(Stored records)

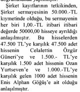 Güncelleme: Özgür Güneri'nin yüzde 95 hisseye sahip olduğu 6 Şubat 2018 tarihli Ticaret Sicil Gazetesi'nde de de yer almaktadır.
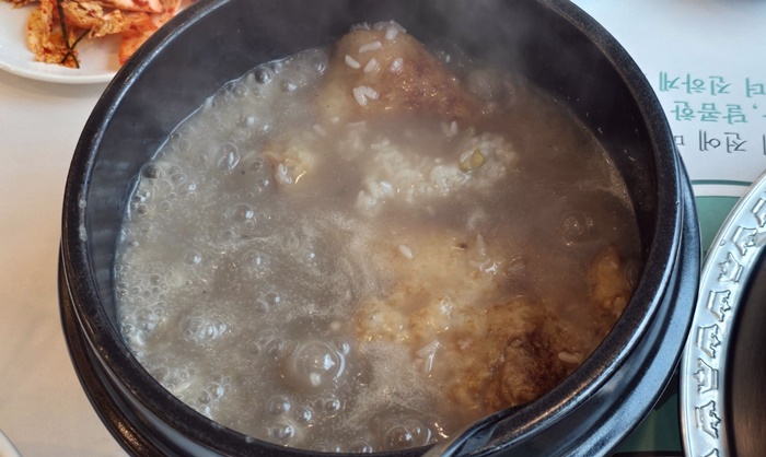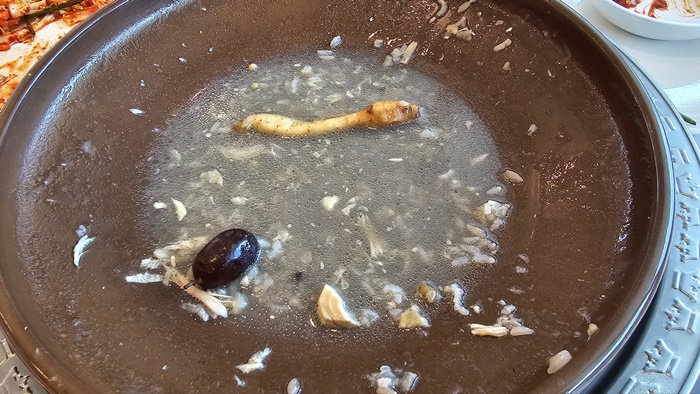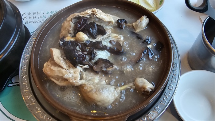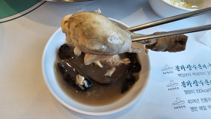 👉누룽지 닭백숙: 본가 장수촌의 대표 메뉴로써 부드럽고 쫄깃한 닭고기와 깊은 국물 맛, 그리고 누룽지의 향긋함이 조화를 이루는 독특한 닭백숙으로 가격은 50,000원입니다.
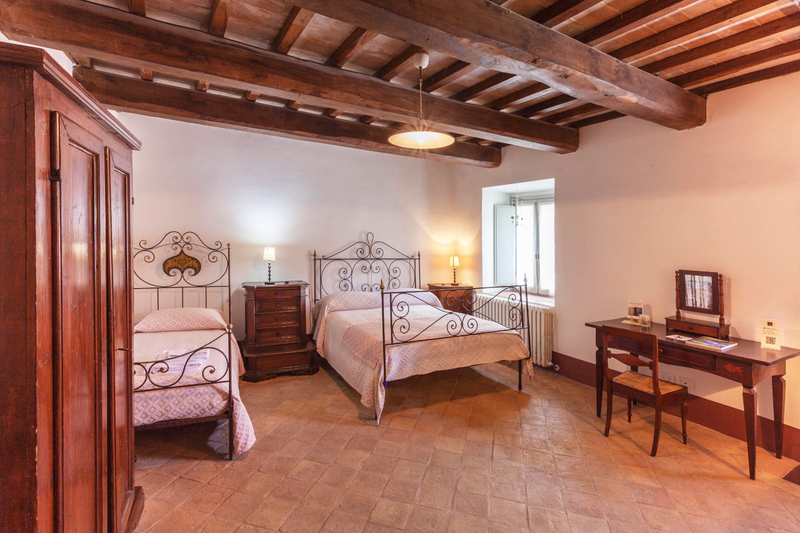 Lo spirito che ci anima come proprietari e gestori di FonteAntica è quello di trasmettere la passione per l’accoglienza e l’amore per la nostra regione e il nostro territorio. Aprire la nostra casa e far conoscere le nostre origini rappresenta per noi il coronamento di un sogno diventato realtà nel 2008. Il casale del 700 è stato interamente ristrutturato puntando alla conservazione più fedele degli ambienti, comprese le dieci camere tutte con bagno (2 adatte ad accogliere persone diversamente abili), arredate con mobili originali del 700/800 e con materiali di pregio per assicurare confort e allo stesso tempo la massima autenticità. Per gli escursionisti, gli amanti del trekking e delle mountainbike abbiamo inaugurato alla fine del 2021 un ostello dedicato, ricavato nell’antica cantina, per massimo 10 persone alloggiate con brandine e materasso, bagni, docce e possibilità di uso cucina. Nel ristorante ricavato nell’antico granaio in pietra la cucina è rigorosamente umbra con particolare attenzione alla selezione e alla genuinità dei prodotti aziendali e del territorio; il menù è fisso e riservato agli ospiti che alloggiano nella struttura. Una ricca colazione con buffet interamente casalingo vi aspetta per addolcire il vostro risveglio. I servizi e le attività per i nostri ospiti proposte all’interno sono sala lettura con camino, biliardo, biliardino, freccette, giochi di società e spazio per piccole riunioni, degustazioni e ricevimenti. Nell’ampio parco esterno un lavandeto con oltre 2.000 piante, aree relax, le poltrone volanti, il parco giochi per bambini, una bio-sauna esterna con vetrata panoramica ricavata in una botte e una tinozza in legno con idromassaggio e cromoterapia con acqua riscaldata con stufa a legna, punto noleggio e assistenza di e-bike e mountainbike , ping pong, tiro con l’arco e bocce. Organizziamo corsi sia di cucina, di norcineria, degustazioni di prodotti tipici, serate a tea, corsi di escursionismo, piccoli eventi aziendali di team building e incentive. Proponiamo ritiri yoga e NatureTherapy e altre pratiche olistiche, trekking guidati nei Sibillini a piedi, con i muli, a cavallo e in mountainbike.
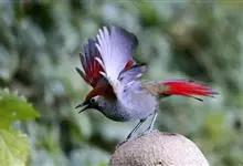 赤尾噪鹛中型鸟类,体长24~28厘米。头顶至后颈红棕色,两翅和尾鲜红色,眼先、眉纹、颊、颏和喉黑色,眼后有一灰色块斑。其余上下体羽大都暗灰或橄榄灰色。特征极明显,特别是通过鲜红色的头顶、翅和尾。…全部>>
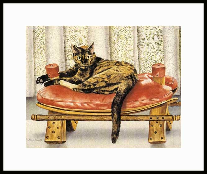 Eva Framed Artist's Proof of an original Drew Strouble cat art watercolor painting of a Tortoise Shell cat. Limited Edition of:50 Artist's Proofs. Overall size: 14" x 16 3/8" incl. 2 1/2" mat.I Each print is hand signed, titled & numbered with matching Certificate of Authenticity. All prints are shrink wrapped with a white mat and foamcore backing. Designer Frames are black aluminum with plexiglas.
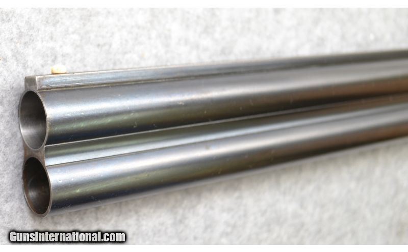 Description: BSW 16 gauge double triggers 2 3/4 inch chambers, with ejectors, solid rib, single white bead, and cylinder choked. The action as turned a nice dull gray with some traces of case color, barrels at the muzzle shows some blue wear. The bores are bright however the bottom barrel shows some very light freckling and one ding about half an inch in front of the fore end. Stock and fore end have been professionally refinish with re-cut checkering, with a nicely fit Pachmayr decelerator brown recoil pad. There are a few slight handling marks none are through the finish The pistol grip stock has horn grip cap, with horn trigger guard, you can see a small crack at the head of the stock on the right hand side that runs about half and inch. SOLD Manufacturer: 1938 Caliber Info: 16 Gauge Chambers: 2 3/4 inch chambers with ejectors Metal Condition: Action as turned a nice dull gray with some traces of case color, barrels at the muzzle shows some blue wear with one ding on the bottom barrel. Wood Condition: Stock and fore end have been professionally refinish with re-cut checkering, with a nicely fit Pachmayr decelerator brown recoil pad. There are a few slight handling marks none are through the finish Bore Condition: Bright bore with a little light freckling and one ding bottom barrel right in front of the fore end. Barrels: 26 inch barrels Triggers: Blued double triggers Stock Dimensions: 13 3/4 inches LOP from front trigger, 2 inches DAC, 2 3/4 inches DAH, 1/8 inch cast off Fore End: Three piece fore end has been professionally refinish re-cut checkering, shows some slight handling marks none are through the finish Butt Pad: Pachmayr decelerator recoil pad Weight: 6 lbs 12 oz Sights: Single white bead Chokes: Cylinder chokes Item Location: Mitchell, SD |

▸ Problem to work on
Only the lines from the first line of the entries through the line containing "닭백숙으로 가격은 50,000원입니다." should be output, exactly as they are, without pictures.

▸ Completed exercise
 Güncelleme: Özgür Güneri'nin yüzde 95 hisseye sahip olduğu 6 Şubat 2018 tarihli Ticaret Sicil Gazetesi'nde de de yer almaktadır.
 👉누룽지 닭백숙: 본가 장수촌의 대표 메뉴로써 부드럽고 쫄깃한 닭고기와 깊은 국물 맛, 그리고 누룽지의 향긋함이 조화를 이루는 독특한 닭백숙으로 가격은 50,000원입니다.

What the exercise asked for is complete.